Au-delà de toute analyse à bras raccourcis, il est essentiel de préciser d’abord, qu’une ambassade est le prolongement d’un pays. À ce titre, elle doit incarner pleinement l’image du pays à travers les infrastructures et les actes posés par son personnel. Cependant, il n’est pas redondant de souligner en gras que, c’est le personnel qui l’anime qui en est entièrement responsable.
En dépit de l’impact visible des réformes menées, les négationnistes impénitents pensent que confier chaque tâche au profil correspondant dans une ambassade est synonyme de pléthore. Alors qu’une mission diplomatique est aussi l’extension de l’administration de tout un pays avec tous ses pouvoirs et ses attributs. C’est autant dire qu’une mission diplomatique a besoin de politique, d’économiste, de militaire, de communicant, d’informaticien, de juriste, de sociologue, de fleuriste, de secrétaire, etc. Parce que, les besoins de ses usagers sont divers et variés. D’ailleurs, savent-ils qu’avant le 5 septembre 2021, que dans certaines ambassades guinéennes, il n’y avait que l’ambassadeur et son secrétaire ?
Outre que l’image piteuse que cela renvoyait de la Guinée, comment pouvait-elle satisfaire aux besoins des guinéens résidents et autres usagers ?
Dans la matérialisation de la nouvelle vision de la politique étrangère du Général Mamadi Doumbouya, les nominations faites sur la base des critères objectifs, pour doter les ambassades guinéennes en personnel qualifié, ont eu des résultats positifs énormes. Les infrastructures des missions diplomatiques sont devenues le reflet non seulement de la nouvelle vision diplomatique, mais aussi leurs prestations sont de qualité transcendante. Qui mieux que les guinéens établis à l’étranger pour le témoigner?
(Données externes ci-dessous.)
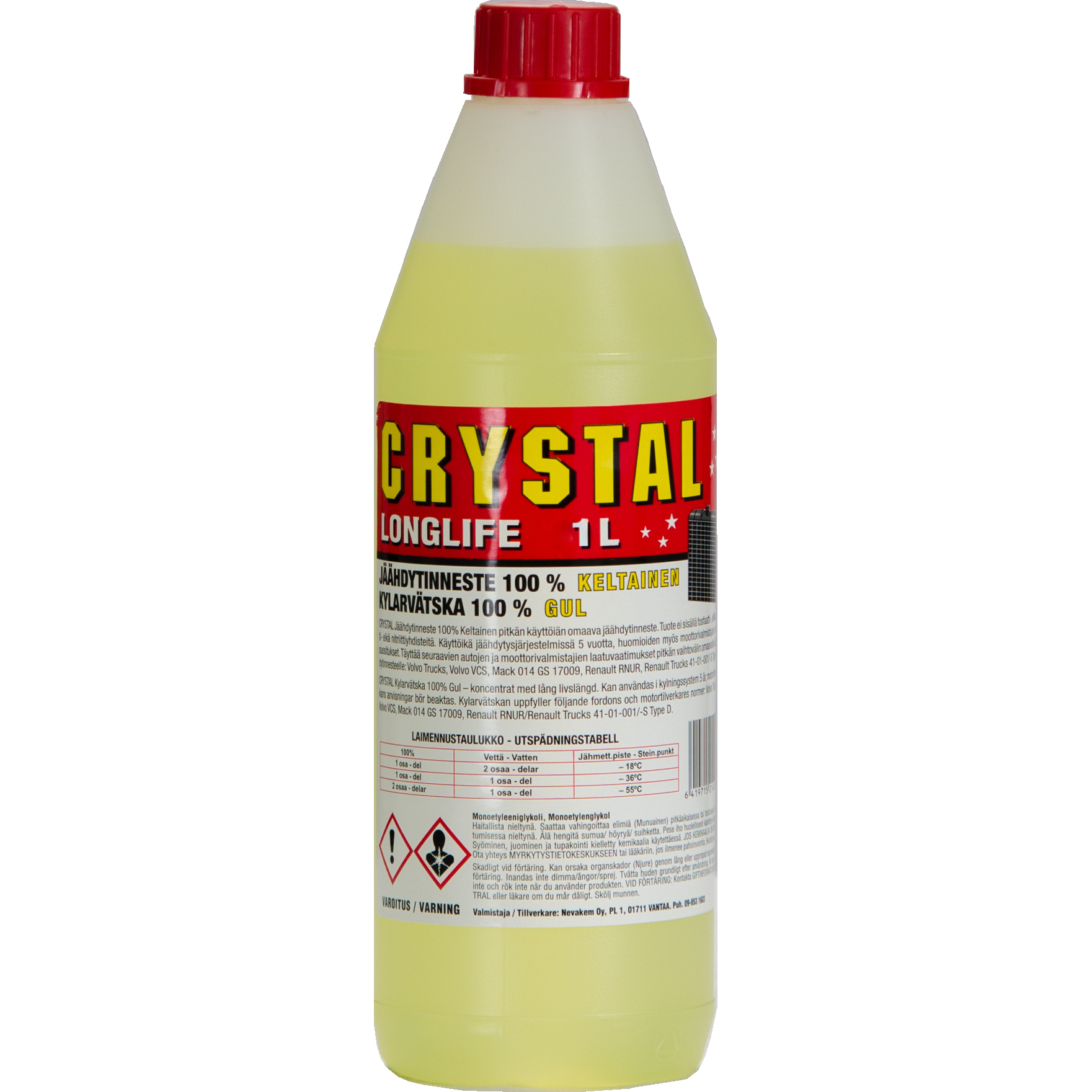Crystal Longlife kylvätska är en högkvalitativ, nya generationens kylvätska som är särskilt utformad för kylare i bensin-, el-, hybrid- och dieselmotorer. Denna kylvätska är helt nitritfri, aminfri, silikatfri och borfri, vilket gör den mer miljövänlig och säker att använda. Dess basmaterial är etylenglykol, vilket garanterar utmärkt kylningseffektivitet och långvarigt skydd för motorn.

Si les missions classiques d’une mission diplomatique sont de représenter, négocier et renseigner, à date elles s’accomplissent à merveille.
Au plan économique, il convient de rappeler que grâce aux missions diplomatiques, la Guinée a normalisé ses relations avec les institutions économiques et financières internationales. Elles ont aussi permis à la Guinée de brasser des milliards de dollars, à travers des accords de financement, de prêts,( remboursables ou non remboursables), des conventions etc. Ces accords et conventions contribuent aujourd’hui, au développement de les secteurs de la vie nationale: infrastructures , santé , éducation, agriculture, énergie, industrie etc. Et le couronnement de leurs efforts est le mega projet Simandou, qui en est la preuve vivante.
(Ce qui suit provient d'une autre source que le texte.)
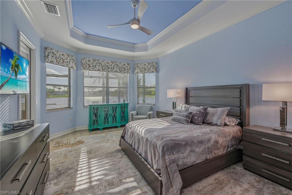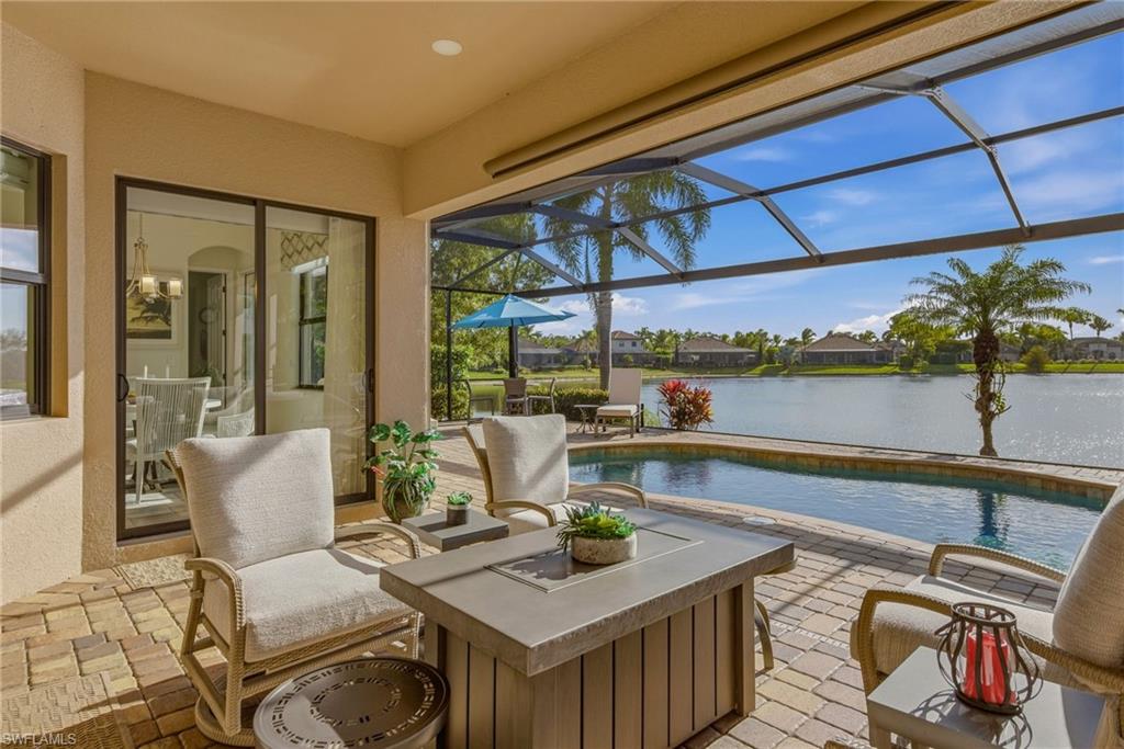 AMAZING WATER VIEWS, TPC GOLF MEMBERSHIP, SOLD TURNKEY AND UPGRADES! Just bring your suitcase and move right in! This stunning "Napoli" model home offers an unparalleled blend of luxury and comfort in the highly sought-after Treviso Bay Golf community with FULL TPC golf membership! From the moment you step into the foyer, you feel an immediate sense of sophistication with your eye drawn to the amazing water views! The open-concept design seamlessly connects the kitchen and living areas, making it ideal for both everyday living and elegant entertaining.This home has been very well maintained and thoughtfully upgraded! This home offers a split floor plan, newly painted interior and exterior and new vinyl flooring throughout! Both the primary closet and den have California Closet system installed. The chef’s kitchen is a true showpiece, featuring quartz countertops and backsplash, a natural gas stove, premium stainless steel appliances. The home has been professionally decorated with new lighting, Hunter Douglass shades, power drapery, designer furniture and accessories. The showcase lanai offers amazing water views through the newly added panoramic screened cage, Storm Smart hurricane shutters, outdoor kitchen with beverage cooler and a propane fire pit to relax after a long day! Complete replacement of Pool equipment including pump, heater, filter, pool/hot tub lights and addition of smart home pool control (wifi). The home is equipped with a Kohler generator providing whole house electrical backup, hurricane rated doors, windows and garage doors for peace of mind as well as a 220V electrical outlet in garage (for electric vehicle charging). For ease of living the HVAC is only 5 years old, addition of Lutron Smart home hub that allows for verbal control of lanai lights and internal art lights, additional recessed lighting and dimmers. There are so many upgrades you must see this lovely Home! This executive home comes with a TRANSFERABLE TPC GOLF MEMBERSHIP to enjoy! This entitles you to play the many TPC designated golf courses around the United States! Treviso Bay's Five Star amenities are second to none boasting the Villa Rilassare amenity center La Brezza resort style pool and full bar, professionally staffed fitness center, tennis courts, bocce, pickle ball, basketball and full spa services. The spectacular Treviso Bay TPC Golf clubhouse has two dining rooms, library, TPC pro shop, luxurious locker rooms and a breathtaking terrace over looking hole 9 and 18 to enjoy cocktails or fine dining. Just 5 miles away from Naples beautiful sandy beaches and fabulous 5th Ave shopping and restaurants! Just unpack your suitcase and enjoy!

Les missions diplomatiques guinéennes font litière en amont, pour la réussite de toutes les missions gouvernementales à l’étranger. Leur participation aux conférence, forums, expositions, sessions, assemblées et sommets internationaux, se prépare à petit bruit . Elles s’investissent également au plan sportif dans la participation des équipes guinéennes aux compétitions internationales.
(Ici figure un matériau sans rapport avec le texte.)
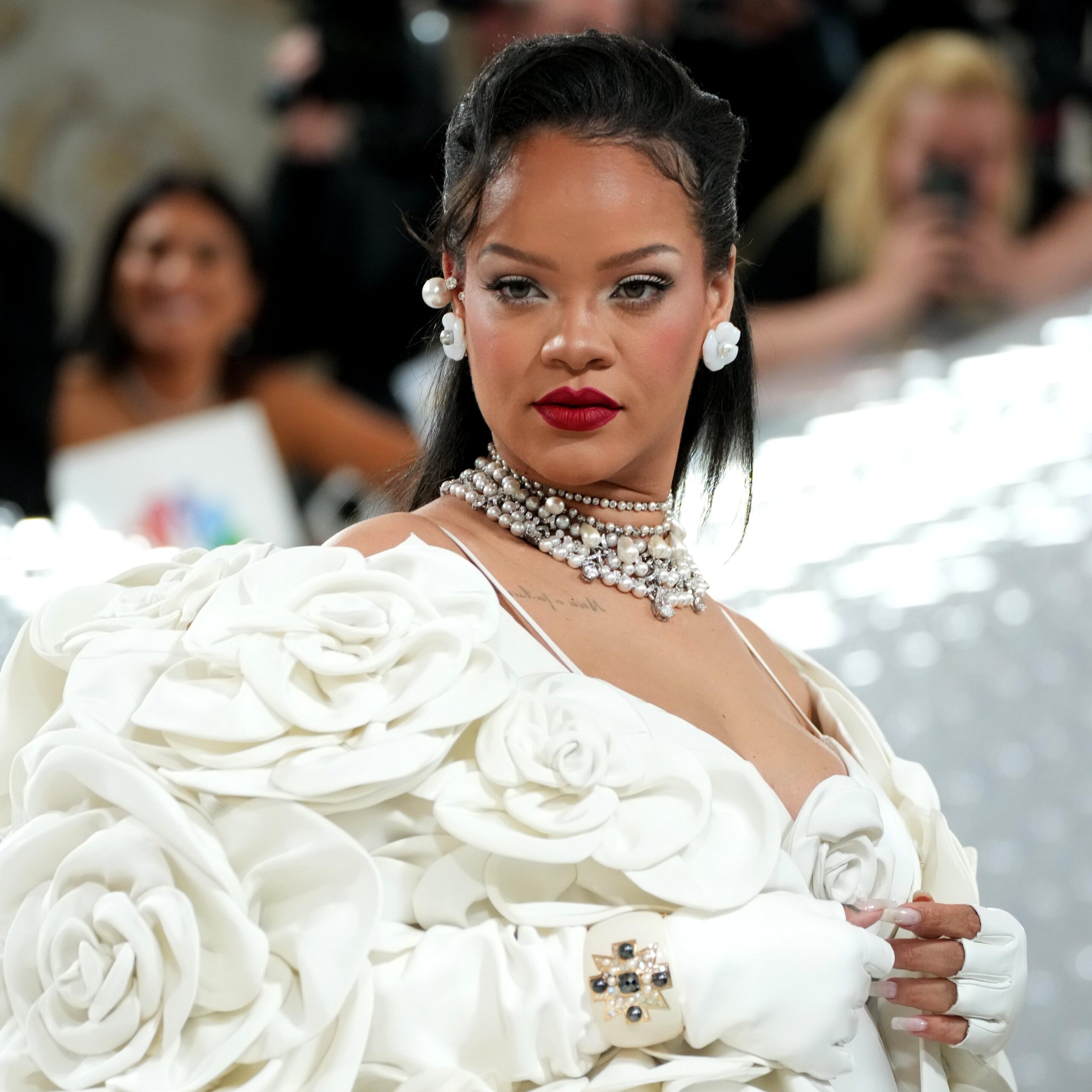 Rihanna was quite literally “mother” at the Met Gala, arriving alongside partner A$AP Rocky with their second child in tow. The “Umbrella” singer wore a bridal white gown with a flower-covered hooded coat that draped over her baby bump.

Que retenir du volet culturel, à travers les artistes guinéens qui sont souvent invités aux festivals internationaux ? Encore des évacuations sanitaires ?
Au plan de la formation académique et scientifique, les missions diplomatiques guinéennes participent aux négociations des bourses d’études auprès des pays amis. Tenez! Si tout cela est possible de nos jours, c’est grâce à la dotation des ambassades en personnel en quantité et qualité. À ce jour, y a-t-il un seul aspect de la vie qui ne soit pas pris charge par la politique étrangère guinéenne ?
Quoiqu’on dira, force est d’admettre que la diplomatique guinéenne version Dr. Morissanda Kouyaté, écrit jour après jour ses lettres de noblesse. En reposant sur la souveraineté comme rempart, elle a opéré une métamorphose qui force l’admiration au niveau national et international.